Comparing CNN, RNN, and Self-Attention

Saywe are given an n input tokens. They are a nxd vector. We are outputting a sequence of dxn as well. We compare:

  • Time complexity
  • Sequential Operations: number of actions which takes place in sequence. They are bottlenecks of parallel computations
  • Maximum Path Lengths: the length (or number of layers) needed to allow for any input element to be considered in any output sequence.
    • For example, with 1 layer CNN, the first input element is considered within the first output element, but not the subsequent ones as the kernel moves forward. We need to have more layers so that the first element is considered.
    • A shorter path between any combination of sequence positions makes learning long-range dependencies easier

For CNN

  • Input and output channels are d; kernel size is k
  • Time complexity: $O(nd^2k)$ because we need to go over all elements in the input and output filters
  • Sequential operations: we need to calculate layer by layer, but we know that beforehand, so $O(1)$
  • Maximum Path length: (receptive field size?) is $O(n/k)$, For example, x1, x5 are within the receptive fields of CNN

For RNN

  • Say we have 1 layer, since we are outputting with the same dimension, the hidden state dimension is d as well.
  • Time Complexity: weight matrices are dxd. In total, $O(nd^2)$
  • Sequential Complexity: $O(n)$
  • Maximum path length: $O(n)$ as we need to finish the entire $n$ timesteps so the last output sequence can technically see the first input element.

For Self Attention

  • Time Complexity: weight matrices are nxd. In total, $O(n^2d)$
  • Sequential Complexity: $O(1)$: we need to do linear transform, concatenate, and dense layer.
  • Maximum path length: $O(1)$ as the single operation is able to consider all input elements.

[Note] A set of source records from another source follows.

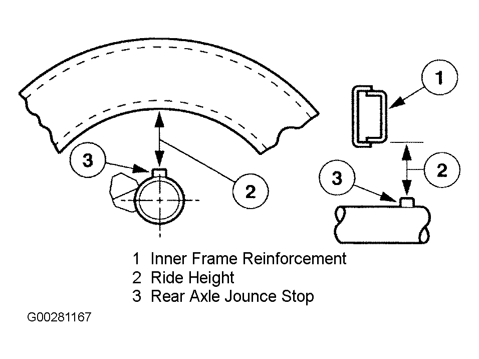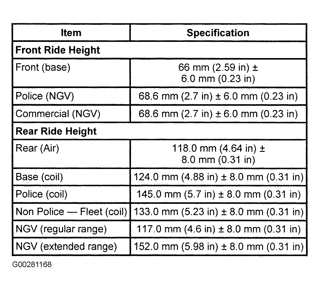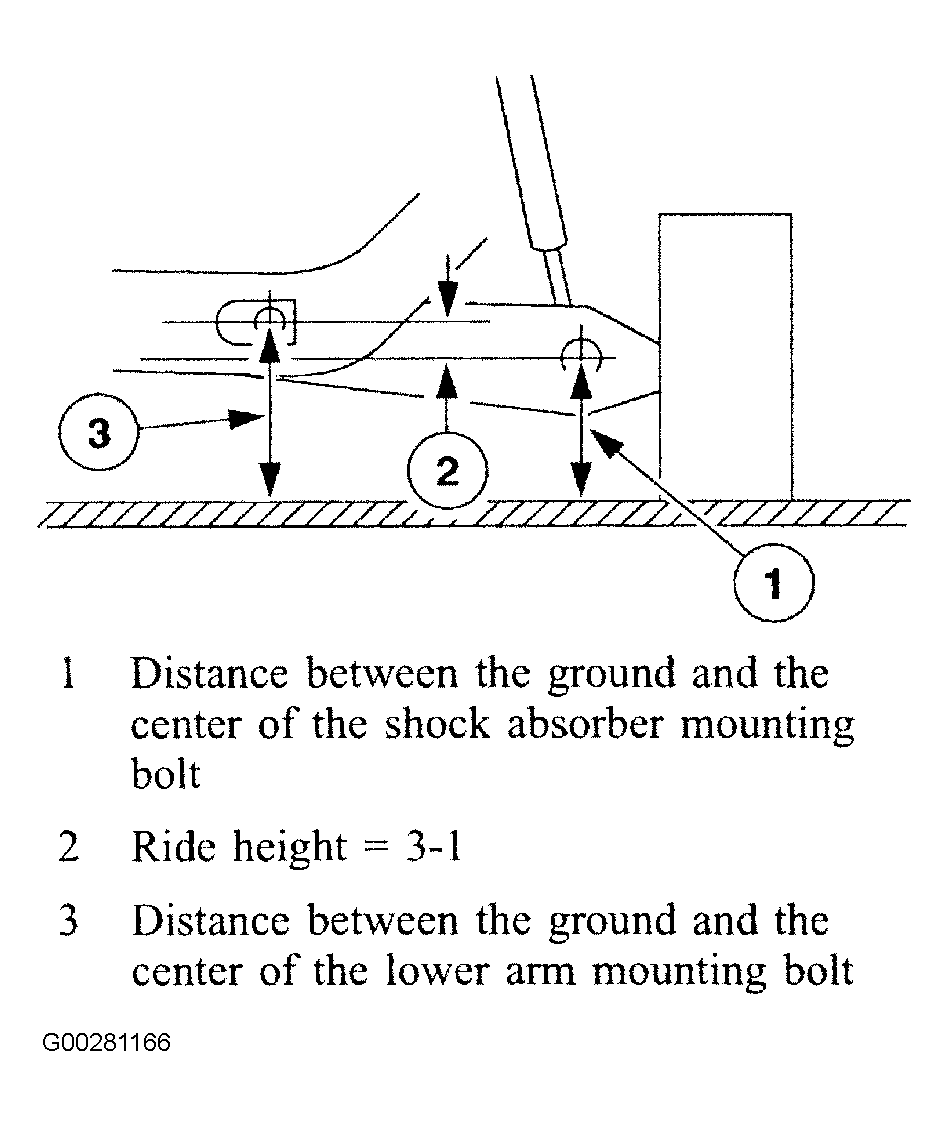 Vehicle ride height can only be measured accurately after accurate trim test has been performed using New Generation Star (NGS) tester, or equivalent scan tool. See appropriate ELECTRONIC article in SUSPENSION. To calculate ride height, see Fig 1 and Fig 2 . For ride height specifications, see Fig 3 . If ride height does not meet specification, and no unusual load is present, check for damaged components or non-standard replacement suspension components.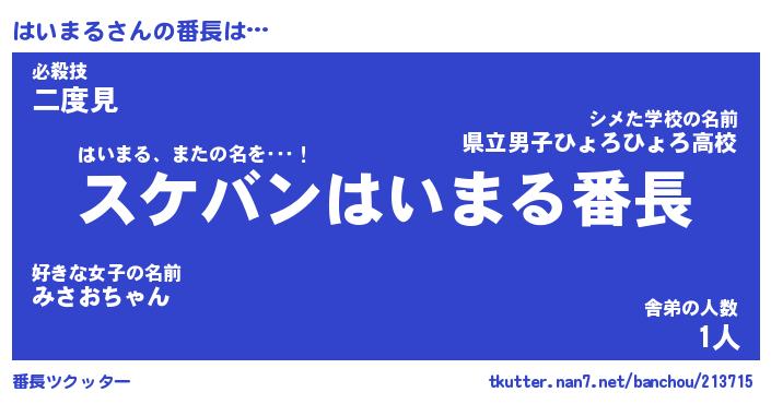 | 意味不明あだ名 | 『ペロリンはいまる』『永久保存はいまる』 |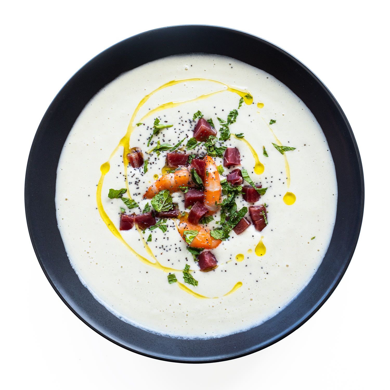Reparte el ajoblanco en boles. Coloca en el centro los langostinos + el jamón y decora con las semillas + la menta. Sirve.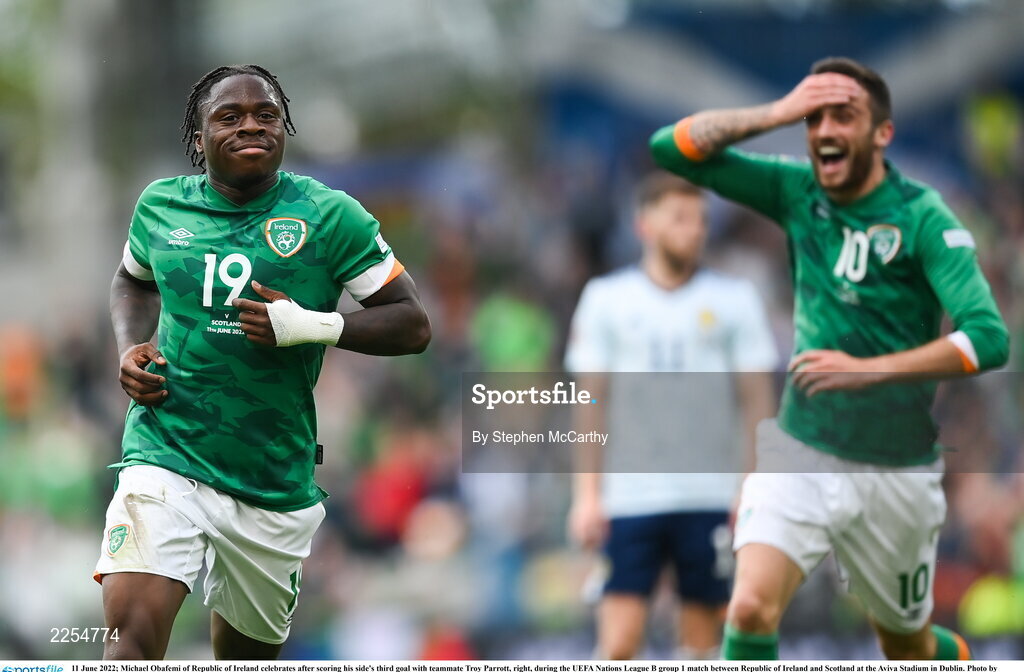 11 June 2022; Michael Obafemi of Republic of Ireland celebrates after scoring his side's third goal with teammate Troy Parrott, right, during the UEFA Nations League B group 1 match between Republic of Ireland and Scotland at the Aviva Stadium in Dublin. Photo by Stephen McCarthy/Sportsfile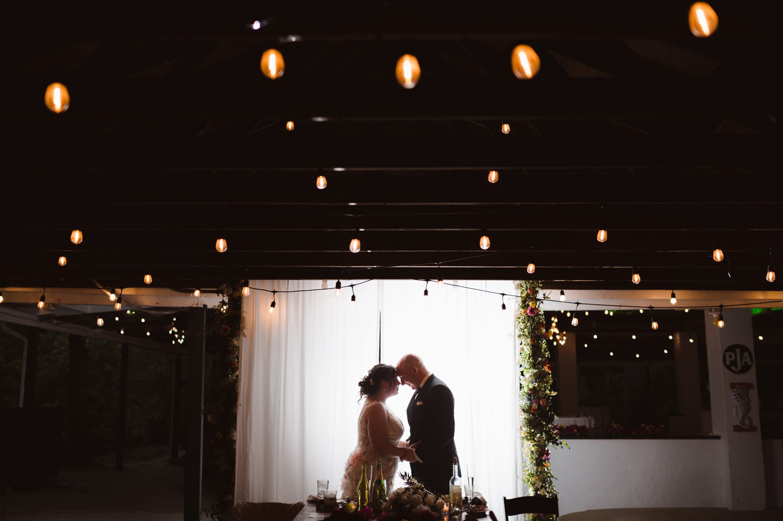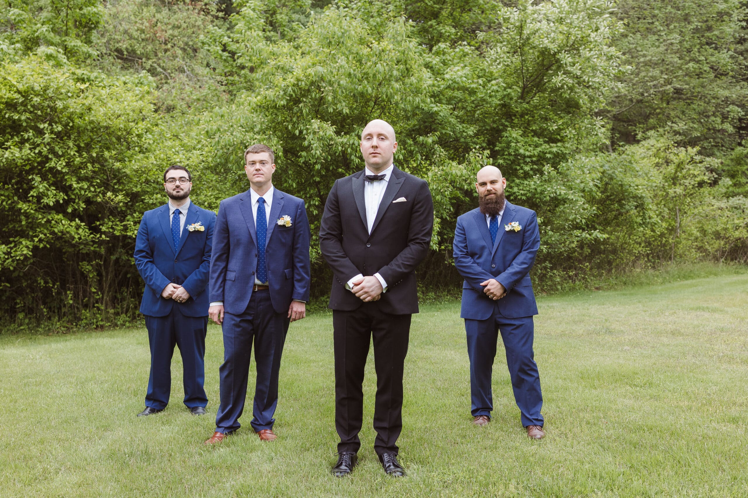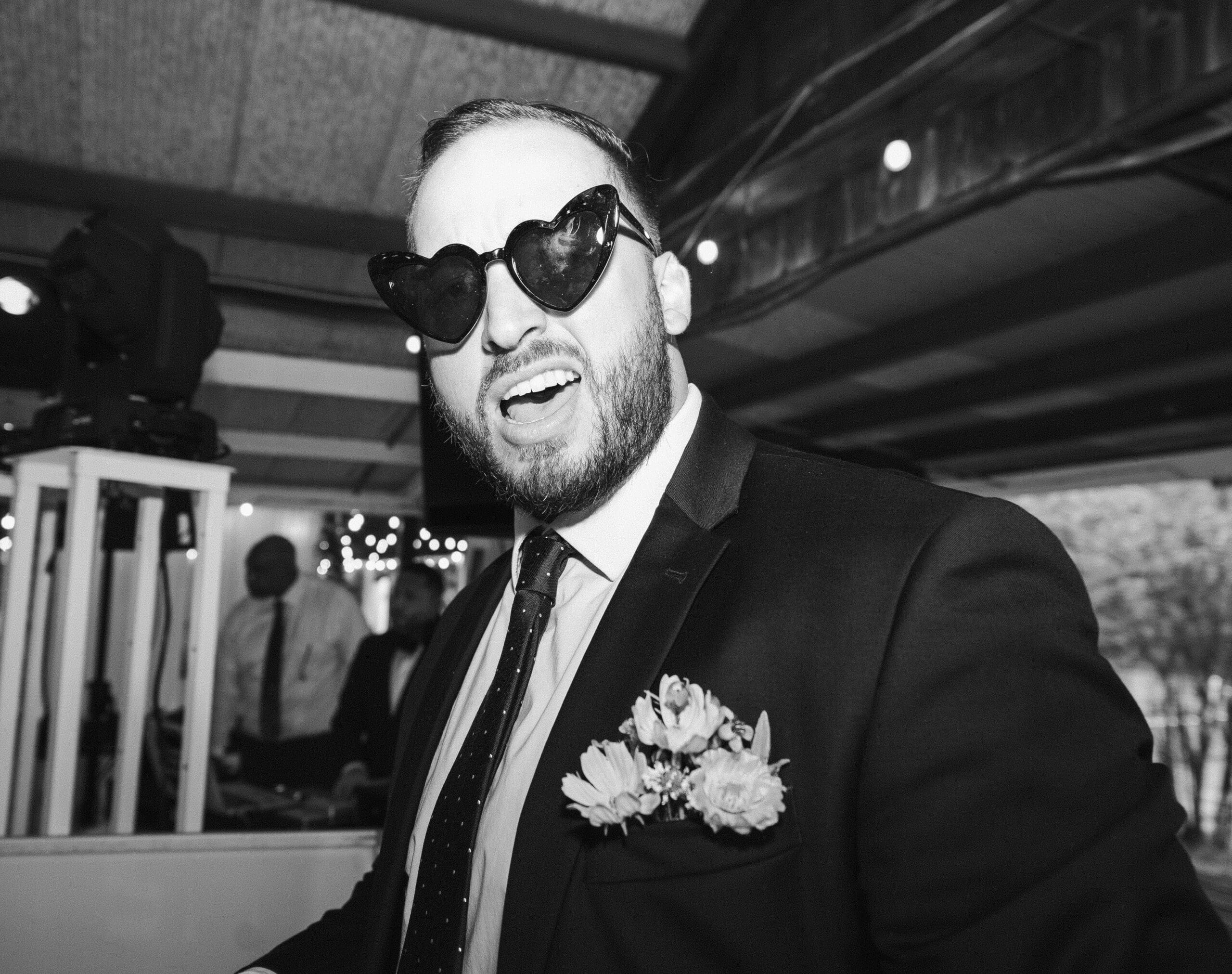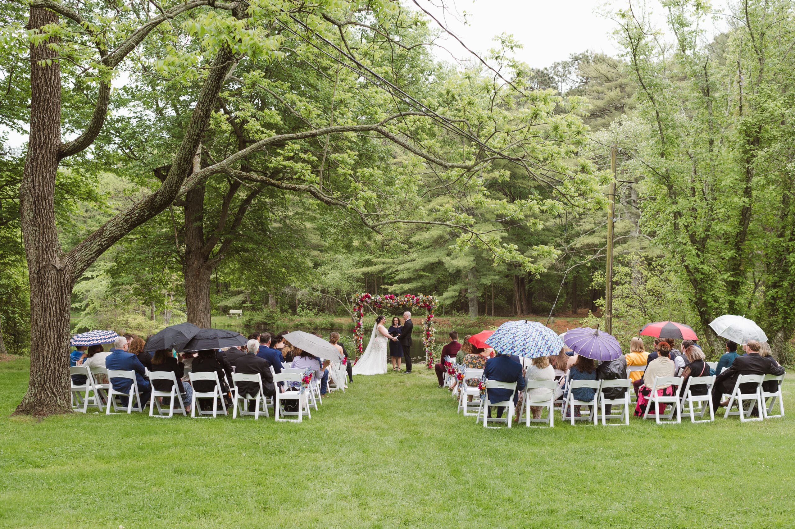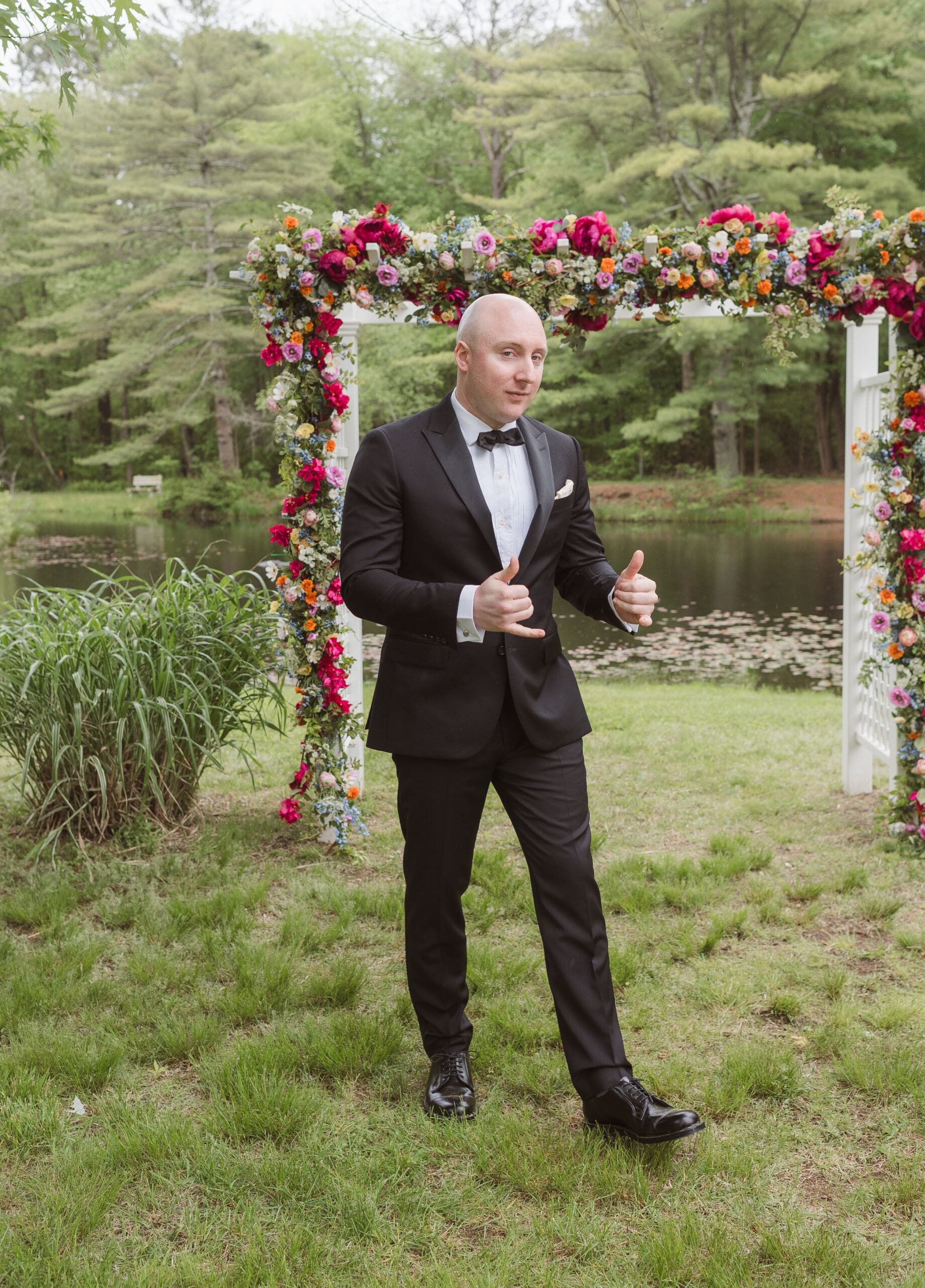 We began with a first look, followed by portraits of just the bride and groom wearing their wedding bands. We then took photos of the wedding party (bridesmaids and groomsmen) and family. We had about 45 minutes to spare to prepare and chill out before the ceremony and the guests’ arrival. It rained during their ceremony, but we continued despite the drizzle not dampening our mood. Afterward, we celebrated with food, dancing, and an open bar under the glow of Pat’s 30 Acre’s Edison bulbs all night long.

So, both CNN and self attention has a low number of sequential operations and are highly parallelizable. However, self attention will suffer from higher complexity when input sequence is long.

References

[1] Vaswani, A., Shazeer, N., Parmar, N., Uszkoreit, J., Jones, L., Gomez, A. N., … Polosukhin, I. (2017). Attention is all you need. Advances in neural information processing systems (pp. 5998–6008).